TASK STATEMENT:
Your answer must be a word-for-word copy of the listing, with all pictures excluded.

DATASET EXTRACT:
================================

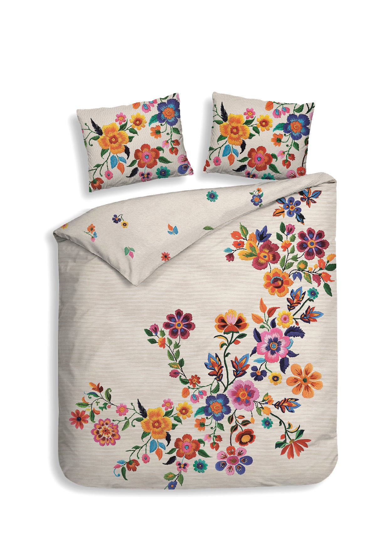 Het Luz dekbedovertrek van Heckettlane brengt kleur en leven in je slaapkamer met een zachte beige achtergrond vol vrolijk gekleurde bloemen. Gemaakt van 100% katoen-satijn voelt het heerlijk zacht en soepel aan, en zorgt het voor een comfortabele nachtrust. Dit speelse en toch stijlvolle ontwerp geeft je slaapkamer een frisse, positieve uitstraling waar je iedere dag weer blij van wordt.
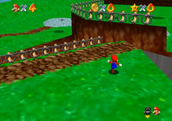 Horizontal PU movement is comparable to movement through a five-dimensional space, as Mario can be modeled as travelling along five axes: relative X, Y, relative Z, PU X, and PU Z. This is because Mario can adjust his speed and angle to move relatively around the stage regardless of how many PUs he moves in the X or Z dimensions.
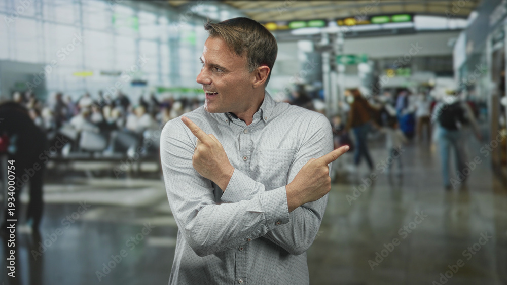Man points index fingers both directions at airport signage while crossing arms and smiling, hands visible; decision uncertainty.

================================

SOLUTION FOR THIS TASK:
 Het Luz dekbedovertrek van Heckettlane brengt kleur en leven in je slaapkamer met een zachte beige achtergrond vol vrolijk gekleurde bloemen. Gemaakt van 100% katoen-satijn voelt het heerlijk zacht en soepel aan, en zorgt het voor een comfortabele nachtrust. Dit speelse en toch stijlvolle ontwerp geeft je slaapkamer een frisse, positieve uitstraling waar je iedere dag weer blij van wordt.
 Horizontal PU movement is comparable to movement through a five-dimensional space, as Mario can be modeled as travelling along five axes: relative X, Y, relative Z, PU X, and PU Z. This is because Mario can adjust his speed and angle to move relatively around the stage regardless of how many PUs he moves in the X or Z dimensions.
Man points index fingers both directions at airport signage while crossing arms and smiling, hands visible; decision uncertainty.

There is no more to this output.